● TASK OBJECTIVE:
Beginning with the line that contains "Symbiosis International (Deemed University)" and ending with the line that contains "The UAB English", reproduce the lines of the entries below exactly, omitting pictures.

● MATERIAL PROVIDED:
⁂
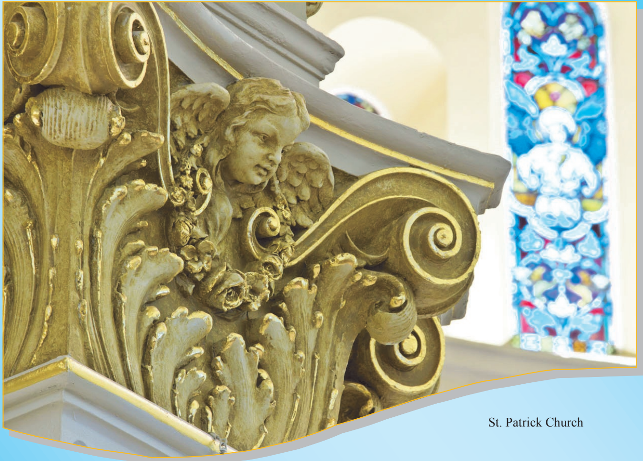
St. Patrick Church

Serving the East Bayfront of Erie since 1837
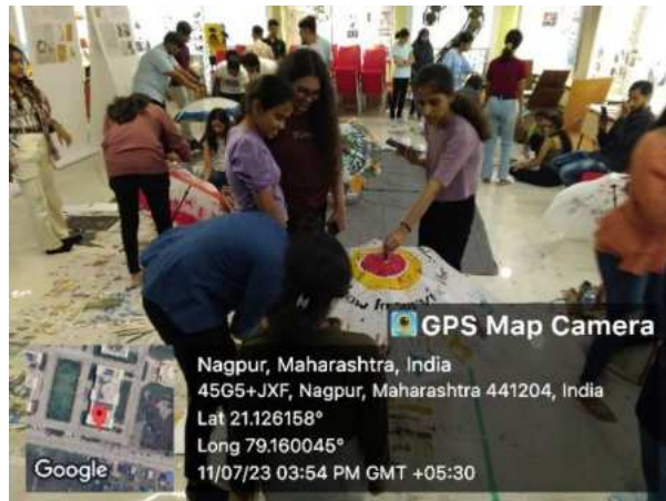
Day 1- Workshop on “Calligraphy”

Symbiosis International (Deemed University)
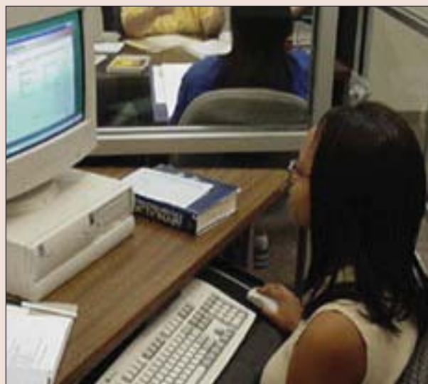
The UAB English Resource Center is the place to go for free advice from tutors on your papers, proposals, applications or reports. Find out more on page 7.

The GRADUATE STUDENT NEWSLETTER is published in electronic format every two months and distributed to all 5,000+ UAB graduate students via email. Articles submitted by UAB graduate students will be given priority for publication, however UAB faculty and staff are also welcome to write. The submission deadlines are on the 30th of July, September, November, January, March, and May. To submit an article, e-mail gsn.editor@gmail.com .
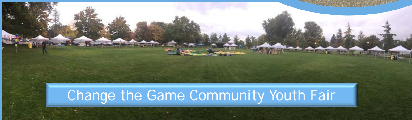
Change the Game Community Youth Fair
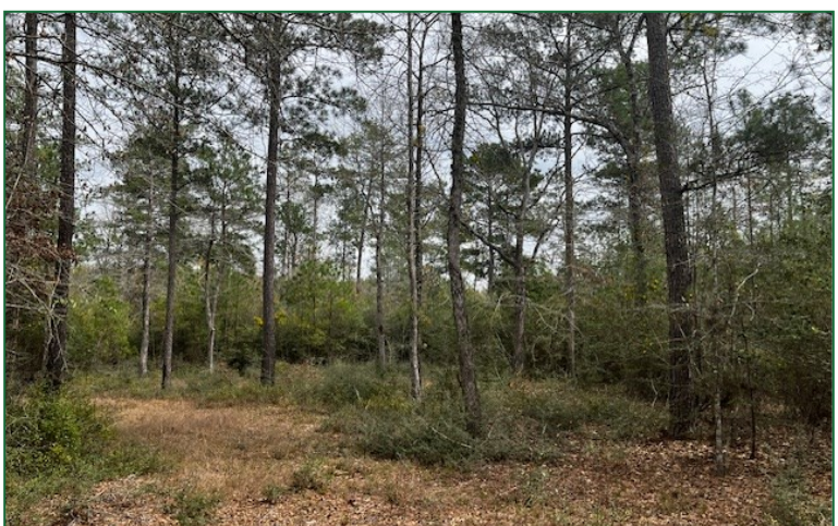
Area partially cleared for camping.
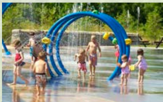
The Marshall Playground and Sprayground in Beckley Creek Park opened in June 2011.
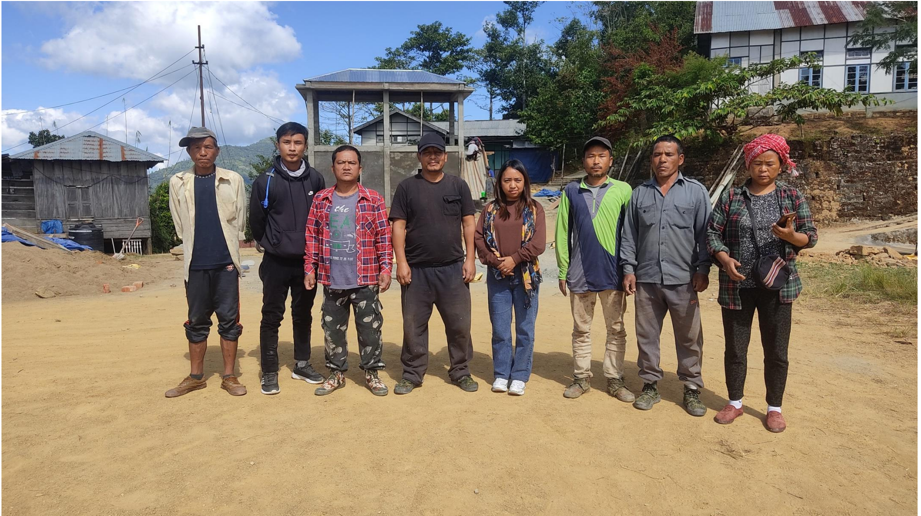
Members of Biodiversity Management Committee, Pehlawn
⁂
● TASK RESULT:
Symbiosis International (Deemed University)
The UAB English Resource Center is the place to go for free advice from tutors on your papers, proposals, applications or reports. Find out more on page 7.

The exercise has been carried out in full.